The identification of sequences that are differentially expressed in metastatic breast cancer or metastatic lung cancer versus non-metastatic breast cancer or non-metastatic lung cancer tissue allows the use of this information in a number of ways. For example, a particular treatment regime may be evaluated: does a chemotherapeutic drug act to down-regulate metastatic breast cancer or metastatic lung cancer, and thus tumor growth or recurrence, in a particular patient. Similarly, diagnosis and treatment outcomes may be done or confirmed by comparing patient samples with the known expression profiles. Metastatic tissue can also be analyzed to determine the stage of metastatic breast cancer or metastatic lung cancer in the tissue. Furthermore, these gene expression profiles (or individual genes) allow screening of drug candidates with an eye to mimicking or altering a particular expression profile; e.g., screening can be done for drugs that suppress the metastatic breast cancer or metastatic lung cancer expression profile. This may be done by making biochips comprising sets of the important metastatic breast cancer or metastatic lung cancer genes, which can then be used in these screens. PCR methods may be applied with selected primer pairs, and analysis may be of RNA or of genomic sequences. These methods can also be done on the protein basis; that is, protein expression levels of the metastatic breast cancer or metastatic lung cancer proteins can be evaluated for diagnostic purposes or to screen candidate agents. In addition, the metastatic breast cancer or metastatic lung cancer nucleic acid sequences can be administered for gene therapy purposes, including the administration of antisense nucleic acids, or the metastatic breast cancer or metastatic lung cancer proteins (including antibodies and other modulators thereof) administered as therapeutic drugs or as protein or DNA vaccines.

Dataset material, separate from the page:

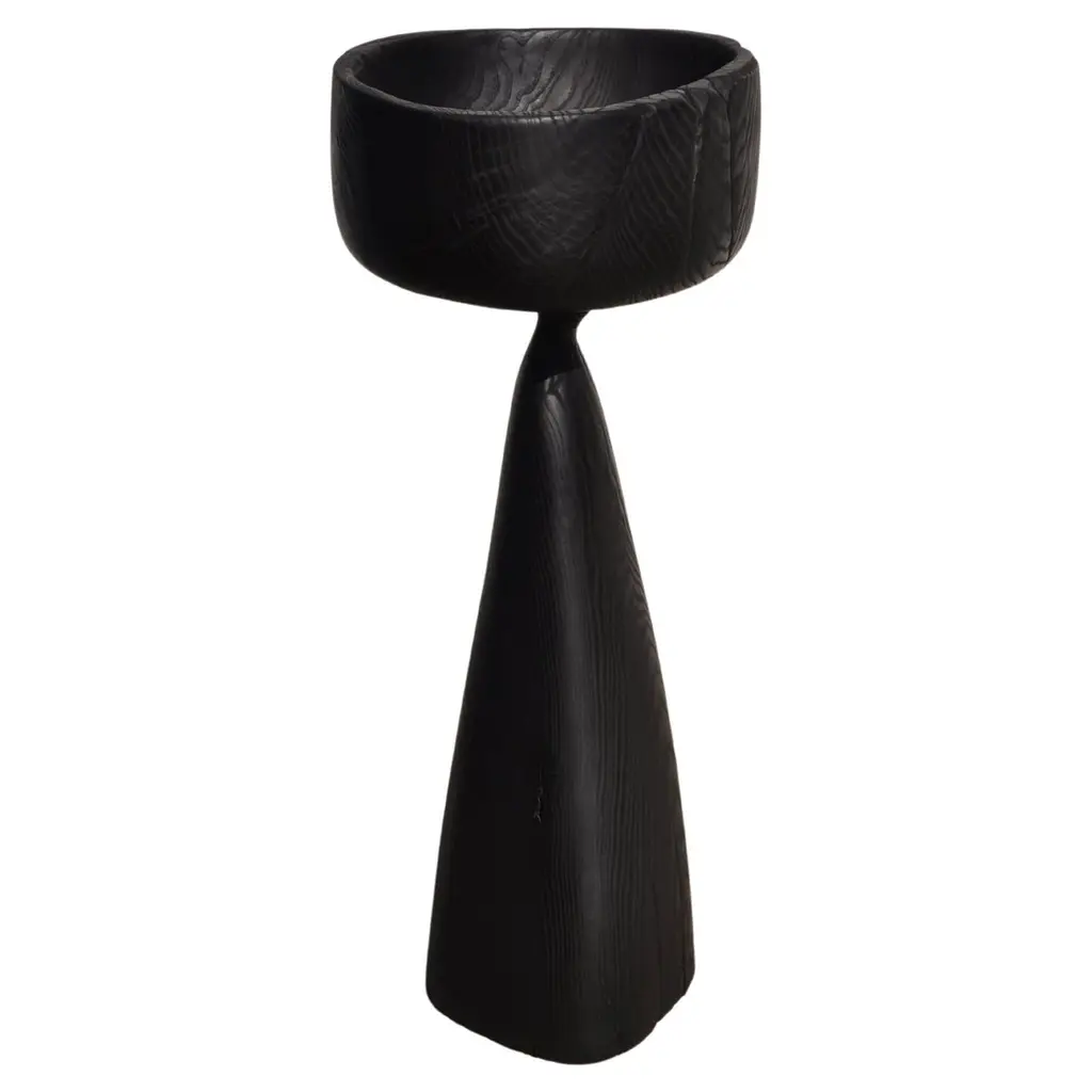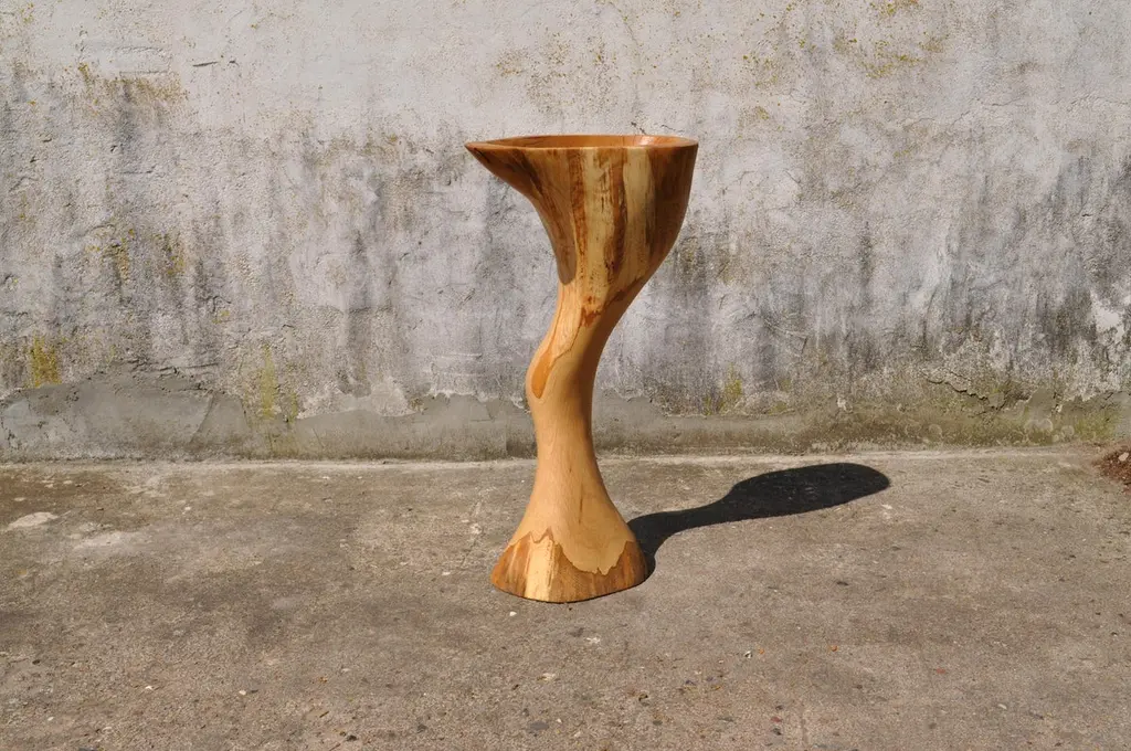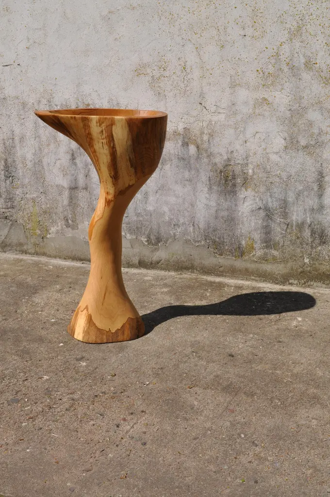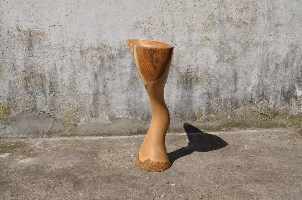 Vessel 1366 by Jörg PietschmannDimensions: D 30 x W 61 x H 111 cm Materials: oak. Finish: polished oil finish.Carved out of from a curved oak trunk.In Pietschmann’s sculptures, trees that for centuries were part of a landscape and founded in primordial forces tell stories inscribed in the memory of their fibers.The forms Jörg Pietschmann pares from ancient trees are extensive and astonishing with their physical presence, a combination of elegance and primeval nature. Pietschmann’s sculptures are monuments to the trees from which they derive.Being endowed with the ruggedness of primeval matter gives them a veritable vitality: figures that appear to have grown into the sculptural form of their own accord. But Pietschmann’s tangibly present bodies have undergone a considerable degree of metamorphosis.In order to generate these unique tree specimens, he examines the tree’s morphology and intrinsic inner map until the courses of its grain, of a curve, knots, and cracks concur with his projections. The exploratory process is accompanied by constant modification, giving at the start of each new piece no more than an intimation of the figure that will later emerge. In their completion, Pietschmann’s sculptures once more become a universal form.

Thus the present invention provides nucleic acid and protein sequences that are differentially expressed in metastatic breast cancer or metastatic lung cancer, herein termed “metastatic breast cancer or metastatic lung cancer sequences.” As outlined below, metastatic breast cancer or metastatic lung cancer sequences include those that are up- regulated (i.e., expressed at a higher level) in metastatic breast cancer or metastatic lung cancer, as well as those that are down-regulated (i.e., expressed at a lower level). In a preferred embodiment, the metastatic breast cancer or metastatic lung cancer sequences are from humans; however, as will be appreciated by those in the art, metastatic breast cancer or metastatic lung cancer sequences from other organisms may be useful in animal models of disease and drug evaluation; thus, other metastatic breast cancer or metastatic lung cancer sequences are provided, from vertebrates, including mammals, including rodents (rats, mice, hamsters, guinea pigs, etc.), primates, farm animals (including sheep, goats, pigs, cows, horses, etc.) and pets (dogs, cats, etc.). Metastatic breast cancer or metastatic lung cancer sequences from other organisms may be obtained using the techniques outlined below.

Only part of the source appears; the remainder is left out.